M・R・5」と「Beat The Diamonds」はメダロット5の曲なので、私が関わった作品ではありませんが、どちらの曲もすごくメダロットでした。
 私はメダロットの開発チームから抜けたものの、メダロット5はそれまでメダロットの制作に関わっていたスタッフの方々が引き続き作っておられましたし、原曲の制作も同じ方でしたしね。
 メダロット5は、主人公のコイシマルくんがゲーム開始早々肥溜めに落とされるという衝撃の展開が印象的でした。
 そして「M・R・5」がオープニングかつロボトル曲、というのはメダロット1~4にはなかったパターンだったので驚きでした。
 カッコいいオープニング曲でロボトルができるって、いいですよね!
 メダロックになった「M・R・5」でも、ロボトルしてみたいものです。

 メダロット5もシナリオを担当された方は女性だったのですが、マップの至るところで見られた細やかなこだわりは、やはり女性ならではだったからかもしれません。
 私も女性ではあるのですが、私はおおよそ女性らしからぬ大雑把な性格で、残念ながら細やかな気配りといったものからはかけ離れております。

 メダロックにアレンジされた「M・R・5」は金属的な重い音から始まって、それが軽快なメロディーとテンポに変わり、再び重低音に変わる感じでした。
 軽快な感じと、重低音の緩急は、本当にクールですね!
 途中ビートを刻み続ける感じの部分もカッコよかったです。
 皆様の「ヴォイ! ヴォイ!」がこの曲でも生きていました。 ステージと会場が一体になって一つの音楽を作るというのは、ライブならではの素晴らしいものですね!

09.魔の十日間

魔の十日間」はメダロット1の曲です。
 原曲は敵の本拠地に乗り込む時などに流れていたと思いますが、スローテンポで不気味かつ不穏な空気が漂う曲調でした。
 アレンジされた「魔の十日間」は、アップテンポで激しくなっております。
 本拠地潜入、というよりはラスボス戦の戦闘曲のようです。それでいて心をざわつかせるような、原曲にあった不安げな要素も残されておりました。
 メダロット1にはラスボス戦の曲が無いのですが、ラスボスのビーストマスターとはぜひこの曲で戦ってみたい!……そんな風に思える一曲でした。

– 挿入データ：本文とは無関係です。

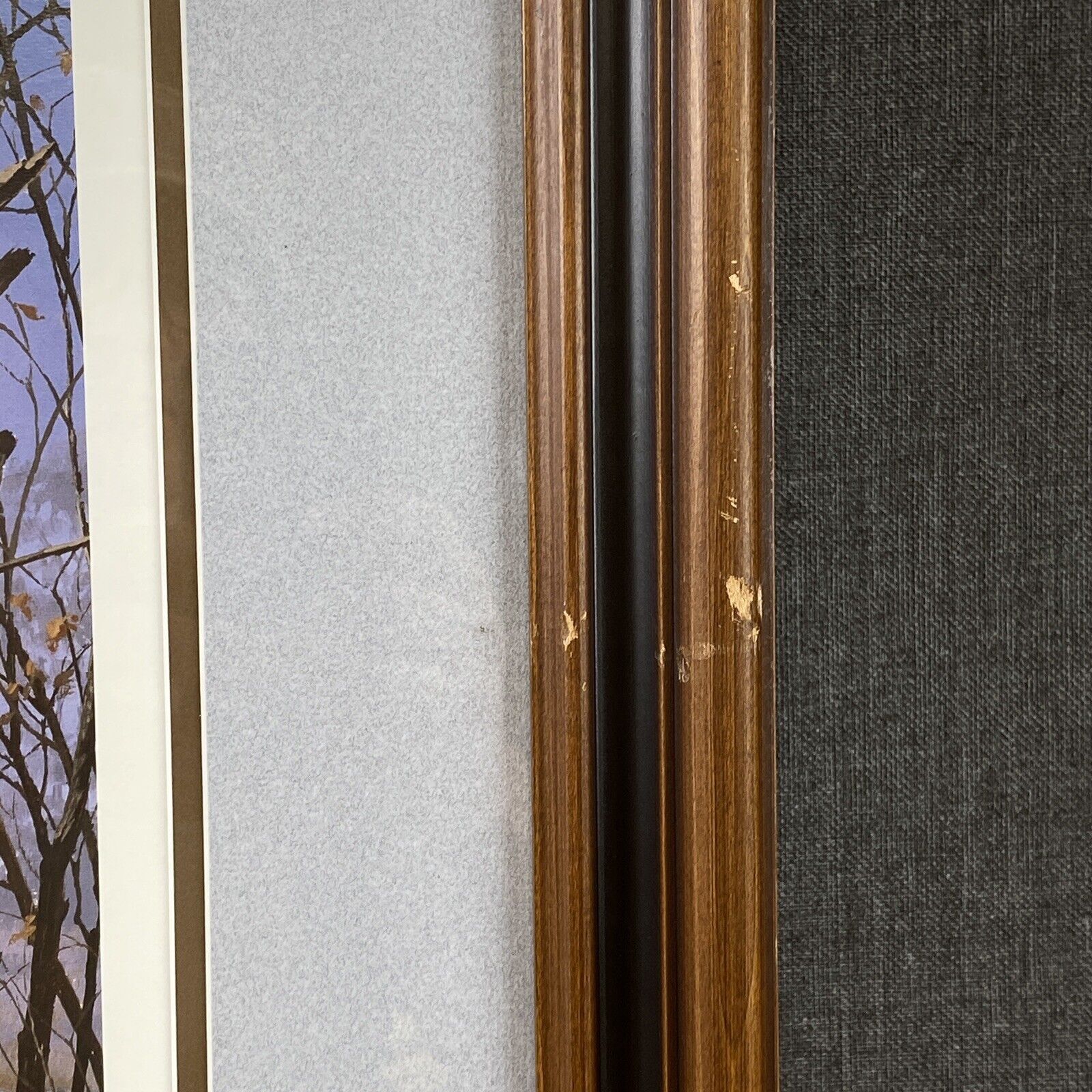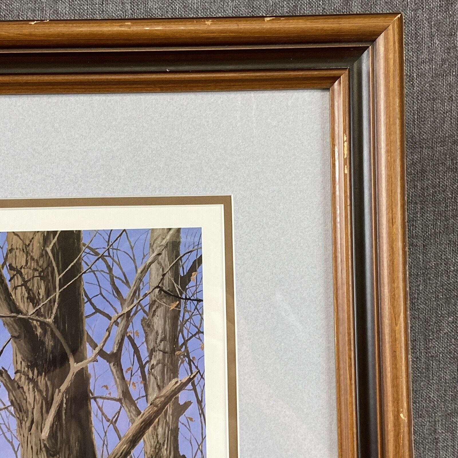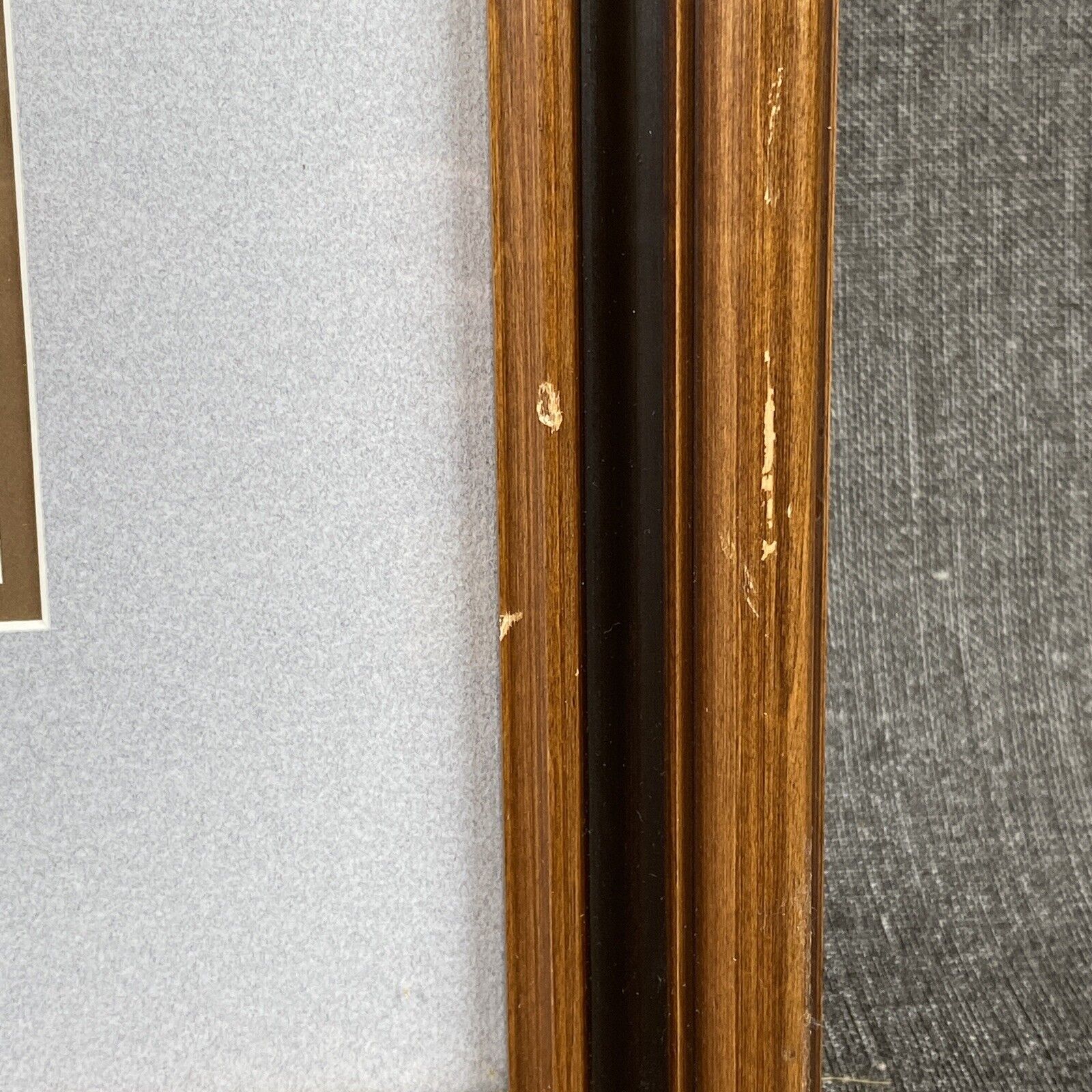 - matted and framed behind glass, wooden ornate frame , brown color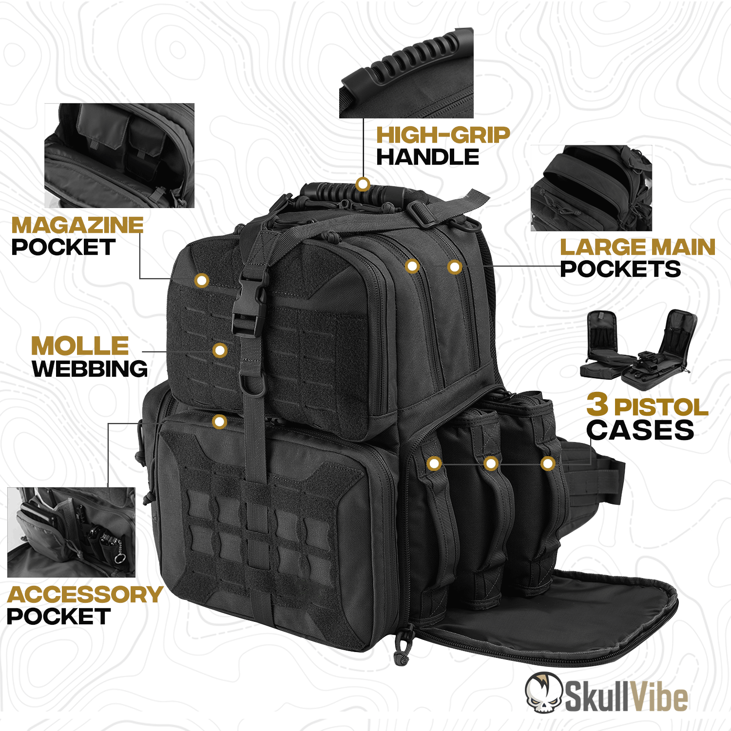 The svPro Tactical Range Backpack is a must-have for shooting enthusiasts and law enforcement officers. Made with rugged 1000D polyester, it's built to withstand tough conditions.

魔の十日間」は、「セレクト隊の本社ビルのようなところから怪電波が発信されて、セレクトメダルを装着していたメダロットたちが暴走する」という事件を指す言葉でした。
 ですが「魔の十日間」 という言葉は、ゲームには出していなかったんですよね。ゲームでは昼夜の区別もなかったので日にちの感覚が無く、「十日」というのがピンとこなかったかったからかもしれません。
 メダロックの「魔の十日間」を聴きながら、「魔の十日間」という言葉の響き、カッコよかったのでゲームでも使いたいなぁ、と思いつつその余裕がないまま終わってしまったことなども思い出しておりました。

……ハッ。「魔の十日間」の曲の時、大画面には何が表示されていたのでしょうか。
 耳から入り全身で感じる津波のような音と、ライブの空間の視覚情報、脳裏に呼び起こされていた当時の記憶や感情……入り混じって、私の脳の処理が追い付いていませんでした。
 これが、「魔の十日間」……!

10.心の在処

心の在処」で千菅 春香様が登場です。
 ベースの「信ちゃん」様とドラムの「のんたん」様が、「心の在処」がとても好きで寝る前に必ず聴いてらっしゃるというお話しをしてくださいました。
 千菅様が歌われる「心の在処」はアリカの可愛い部分を抽出して凝縮したようで、世の男性の多くがときめいてしまう、そんな魅力を放っておりました。
 歌声、歌い方、すべてが夢のような、現実離れしたレベルでかわいらしかったのです。
 こんなかわいらしいヒロインならば、心奪われて当然です。私もときめきました。

 ところでゲームのアリカはと言えば、歌のイメージとは打って変わりかなりの傍若無人っぷりを発揮しております。
 元々アリカはシリーズを通じてジャイアントスイングの勢いでイッキを振り回し続け、イッキの練習相手という設定ながらロボトルの腕は最強クラスを誇り、敵のアジトを単身で殲滅するという、かよわさの対極にいるような女の子でした。

ロボロボ団員「まさか われわれの アジトが
 たった1人の小学生
 しかも 女の子に 攻めおとされるとは
 ユメにも 思わなかったロボ・・・」
ロボロボ団員「ギンジョウ小の 女の子は
 バケモノか!? ロボ」
イッキ「いや たぶん アリカにしか
 できないんじゃ ないかなぁ?」
コウジ「そういや・・・
 おれが 聞いたのは さけび声で
 ヒメイじゃ なかったな」
ロボロボ団員「おうえんを よぼうと
 なんとか にげだしたところを
 おれは お前たちに
 つかまったロボよ」
イッキ「そうだったのか・・・」
アリカ「なによ~ みんなして
 人を オニか アクマみたいに」
ロボロボ団員「オニ ロボか?」
ロボロボ団員「アクマ ロボか?」
ロボロボ団員「むしろ だいまおうロボ~!!」
(アリカに往復ビンタされるロボロボ団員たち)
アリカ「かよわい おとめ つかまえて
 何 言ってんのよ!」
イッキ「かよわい?」
コウジ「おとめ?」
ロボロボ団員「どこに いるロボか?」
(全員往復ビンタ)

出典:メダロット4

……イッキとイッキの仲間でありライバルでもあるコウジ、そして敵であるはずのロボロボ団員たちの見解が一致し、敵味方の区別なくその場にいた全員がヒロイン、アリカに成敗されたシーンです。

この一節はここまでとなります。